And yet, every single programming language/platform build their own HTTP-handling library, usually several, of very varying quality and feature support. Again, it would not be as bad if HTTP was a robust format where you could skip recognizing and correctly dealing with half of the features you don't intend to support but it is not: even if you don't want to accept e.g. trailers, you still have to be aware of those. We have OpenSSL, why not also have OpenHTTP (in sans-io style)?
I only skimmed very quickly to look for which server setups they found new vulnerabilities for, and it looked like they tested a 2D matrix of popular webservers/caches/reverse-proxies with each other? Which is neat for automation, but in the real world I'm not usually going to be running haproxy behind nginx or vice versa. I'd be much more interested in findings for popular webserver->appserver setups, e.g., nginx in front of gunicorn/django.

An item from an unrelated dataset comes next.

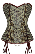 オーババストコルセットです。 フロントには2つファスナーとフロントフックが着いてますので着用しやすいタイプです。 デザイン性も高くしっかりと補正力もございます。 タイトなシルエットを強調します。 ヌードウエストサイズ-10㎝位をお選びください。 スチームパンクのロマンス漂う一品です。 中世の世界がお好きな方、いかがでしょうか。 モダンで現代的なデザインの為、普段でも着ることが出来ます。 ※お店でも販売しておりますので、お早めにご検討ください。

The dominate method for request smuggling as of the last few years has been with `Content-Length` and `Transfer-Encoding`. What I found most interesting and the biggest take-away as someone who has worked doing web-app assessments is more just the attacks that they found to work and cause problems.
I mean the details about particular server pairs having issues is great information, as is the fuzzing setup (great use of differential fuzzing) but I think more important is being able to take these potential attack avenues that they had success with and running them against your own deployments. Given how many applications internally are running their own stacks there is still a lot of room for potential issues. I can imagine people running with some of these for bounties in the near future.
A brief summary of the manipulations they had some success with are on pages 7-8. Though if you don't feel like reading, the "headline" version of the list gives you a pretty decent idea of what was having an impact:
Request Line Mutations
- Mangled Method - Distorted Protocol - Invalid Version - Manipulated Termination - Embedded Request Lines
Request Headers Mutations
- Distorted Header Value - Manipulated Termination - Expect Header - Identity Encoding - V1.0 Chunked Encoding - Double Transfer-Encoding
Request Body Mutations
- Chunk-Size Chunk-Data Mismatch - Manipulated Chunk-Size Termination - Manipulated Chunk-Extension Termination - Manipulated Chunk-Data Termination - Mangled Last-Chunk
And a bit of self-promotion but we talked about this paper on Monday on the DAY podcast I cohost (24m53s - 35m30s) https://www.youtube.com/watch?v=GmOuX8nHZuc&t=1497s
The problem is that people keep all of their authn/authz at the boundary and then, once you're past that, it's a free for all.
Every service needs to validate authorization of the request.